Member of the Pennsylvania House of Representatives from the 29th district
- In office January 7, 2003 – January 1, 2019
- Preceded by: David J. Mayernik
- Succeeded by: Meghan Schroeder

Personal details
- Party: Republican
- Spouse: Linda O'Neill
- Alma mater: Pennsylvania State University Temple University

= Bernie O'Neill (politician) =

American politician

Bernard "Bernie" T. O'Neill is a Republican former member of the Pennsylvania House of Representatives for the 29th District from 2003 to 2019.

==Career==
Before entering politics, O'Neill was a special education teacher at William Tennent High School in the Centennial School District for 25 years.

O'Neill served as a township supervisor in Warminster Township, Pennsylvania from 1998 until 2003. His final three years, he served as chairman of the Board of Supervisors.

He was elected to the House in 2002 and won re-election in 2004 and 2006. O'Neill currently serves on the House Education, Judiciary, Labor Relations, and Professional Licensure Committees.
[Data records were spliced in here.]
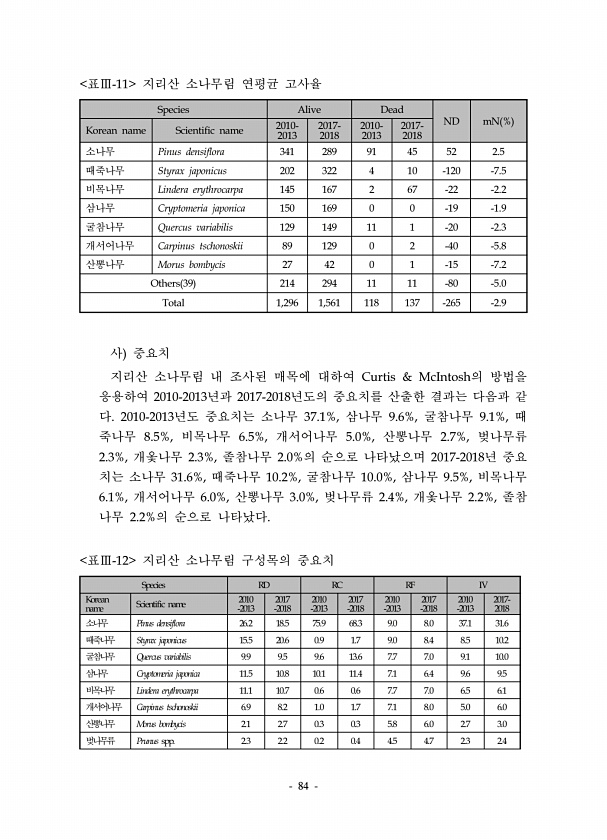 84 Species RD RC RF IV Korean name Scientific name 2010 -2013 2017 -2018 2010 -2013 2017 -2018 2010 -2013 2017 -2018 2010 -2013 2017- 2018 소나무 Pinus densiflora 26.2 18.5 75.9 68.3 9.0 8.0 37.1 31.6 때죽나무 Styrax japonicus 15.5 20.6 0.9 1.7 9.0 8.4 8.5 10.2 굴참나무 Quercus variabilis 9.9 9.5 9.6 13.6 7.7 7.0 9.1 10.0 삼나무 Cryptomeria japonica 11.5 10.8 10.1 11.4 7.1 6.4 9.6 9.5 비목나무 Lindera erythrocarpa ...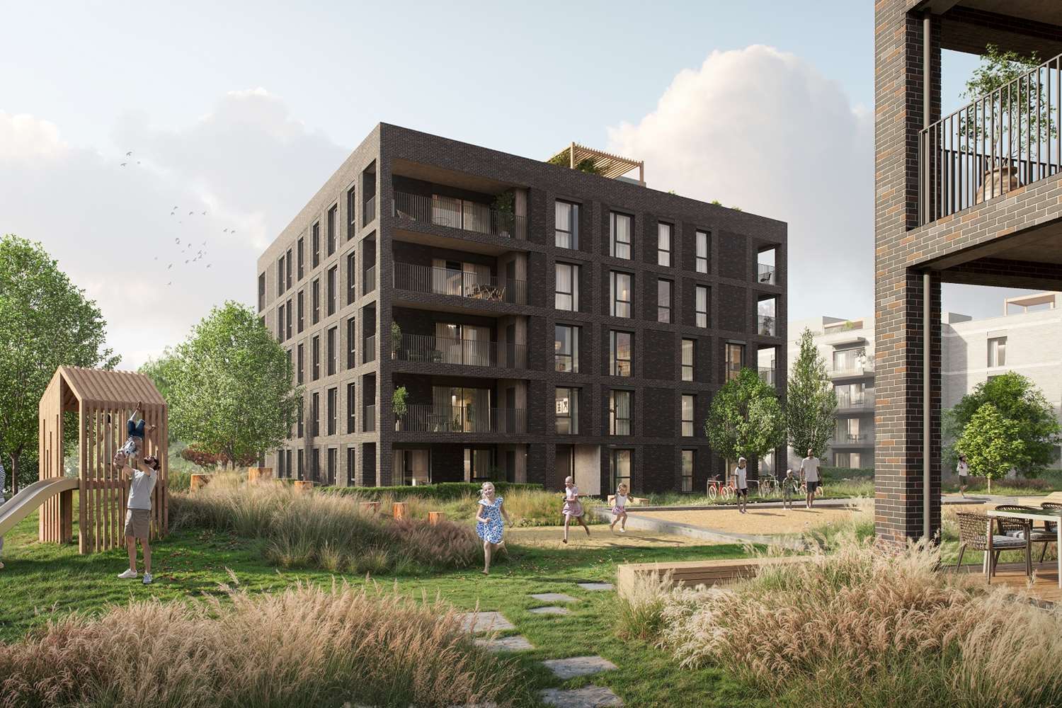 Det nye prosjektet tegnes av AART Arkitekter og uteområdene rundt husene tegnes av Studio Oslo Landskapsarkitekter.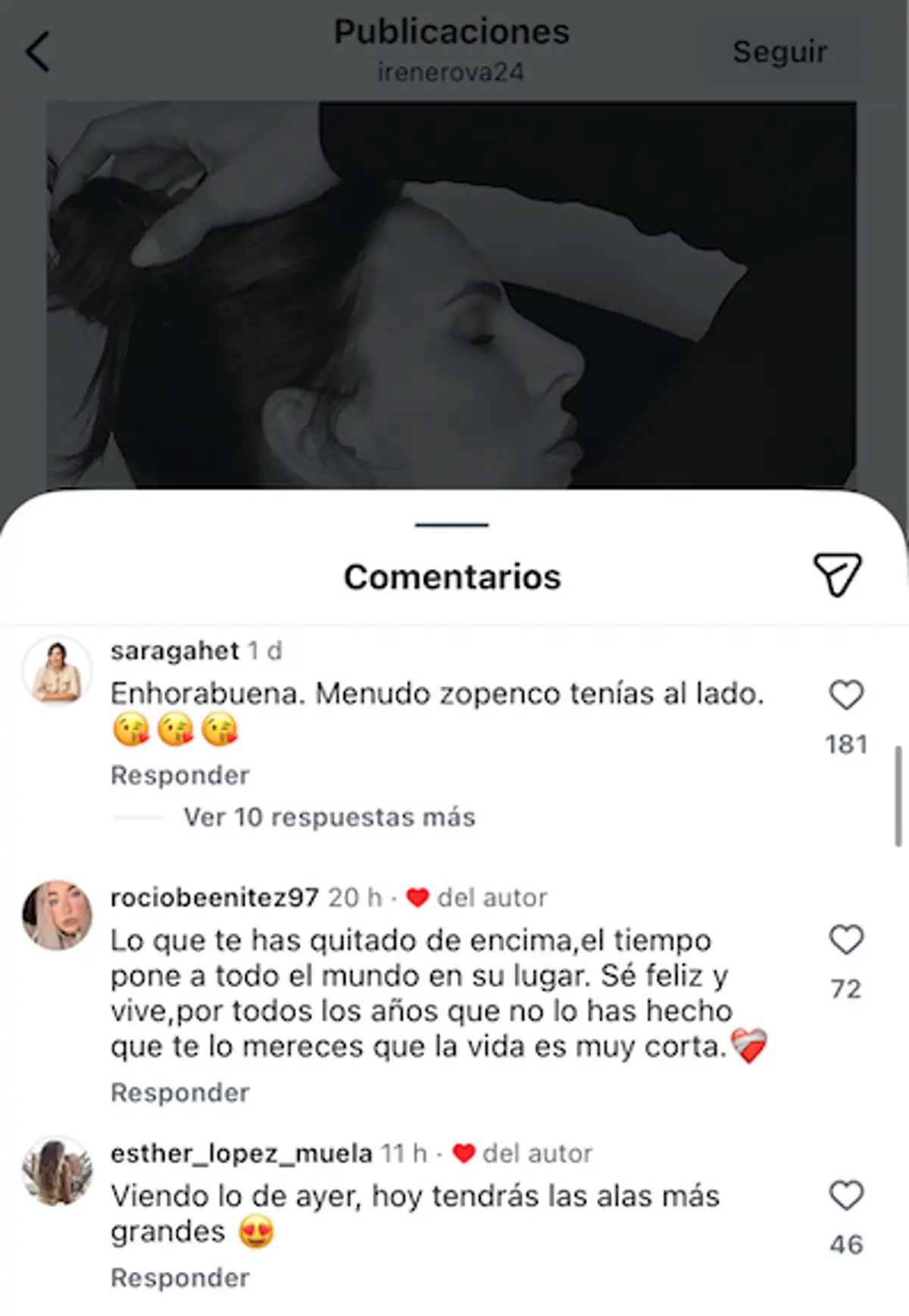 Que nunca se te olvide que la brava eres tú, ¡fuera el machismo!”, “Sé feliz y vive por todos los años en los que no lo has hecho. Que te lo mereces, que la vida es muy corta”, “Viendo lo de ayer, hoy tendrás las alas más grandes”, “No bajes al nivel de los otros, eres referente para tus niñas y eso es lo más importante, ole tú”, “libre Irene libreeeeee”, “Coge fuerzas porque ya viene el otro atacando por la retaguardia.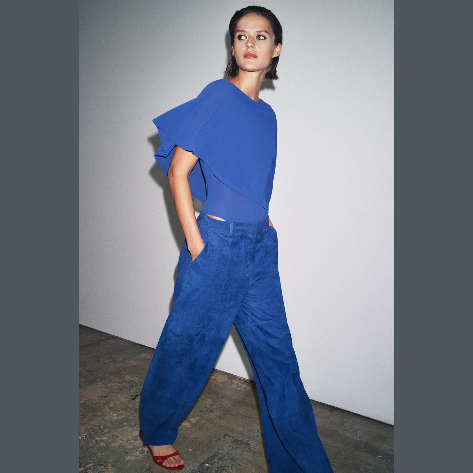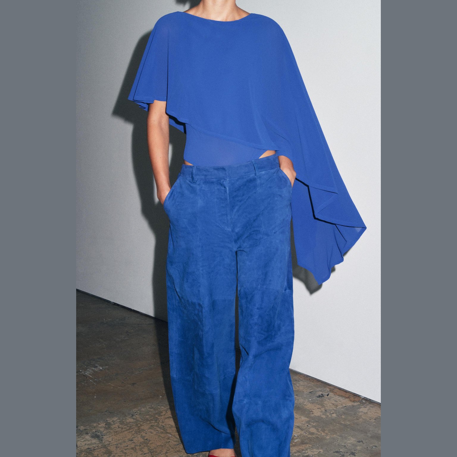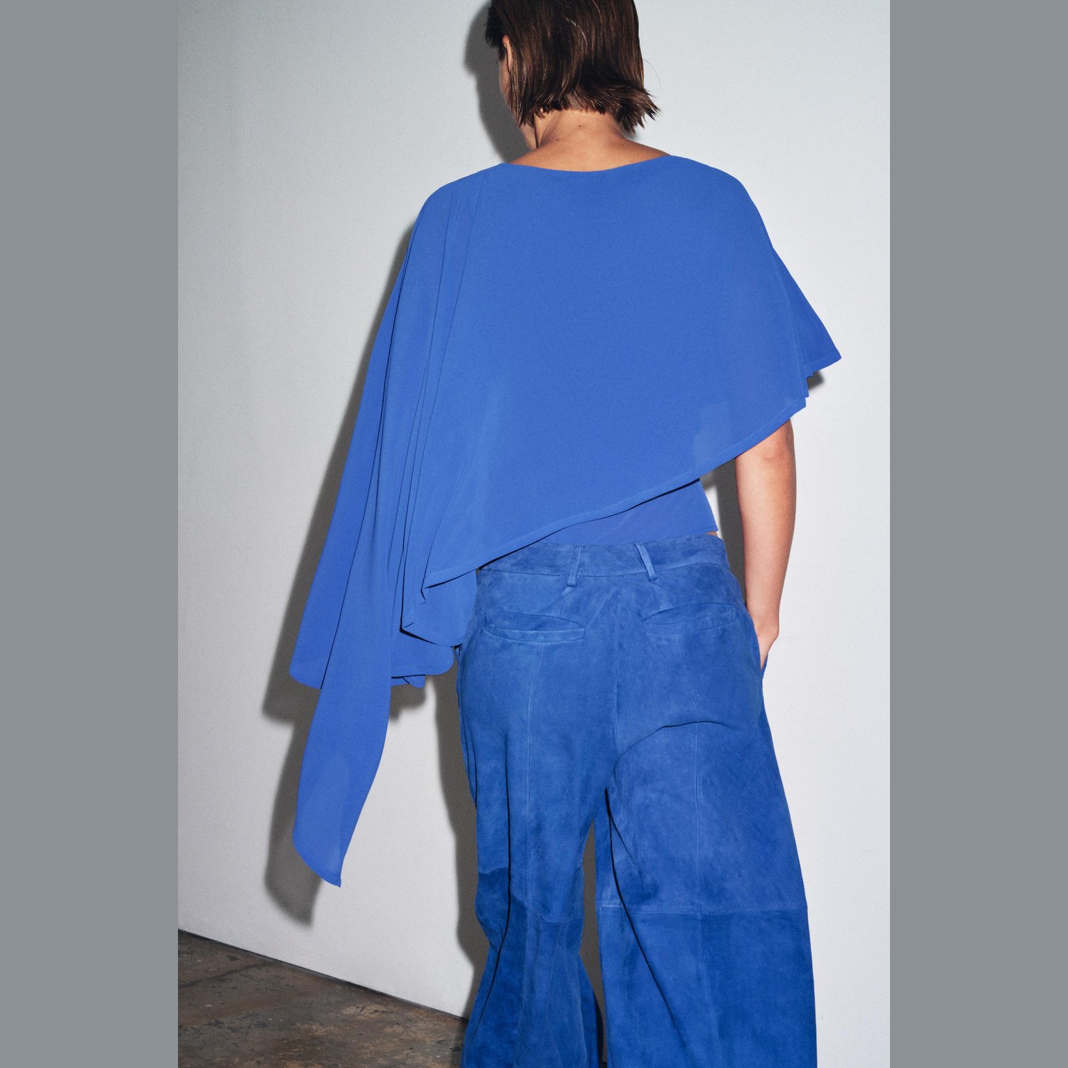 بادي محبوك بكاب غير متناظر – لون طبيعي (أزرق) – Blue (Asymmetric Cape Bodysuit) بادي أنيق بلون أزرق طبيعي، مصنوع من خامة محبوكة عملية ببوليستر يمنح مرونة وملمسًا ناعمًا، بتصميم بكاب غير متناظر يضيف لمسة عصرية أنثوية. يتميز بياقة قارب وأكمام قصيرة مع إغلاق سفلي بأزرار كبس لراحة عملية في الارتداء. قطعة مثالية للتنسيقات اليومية الكاجوال الأنيقة أو كطبقة أساسية في المناسبات المسائية.

He is also a member of the Governor's Commission on Higher Education and is a member of the Board of Trustees of Bucks County Community College.

==Personal==
O’Neill is a resident of Warminster, Pennsylvania and lives with his wife and sister.

Representative O'Neill graduated from William Tennent High School, and received a bachelor's degree from Penn State University and a master's degree in education from Temple University.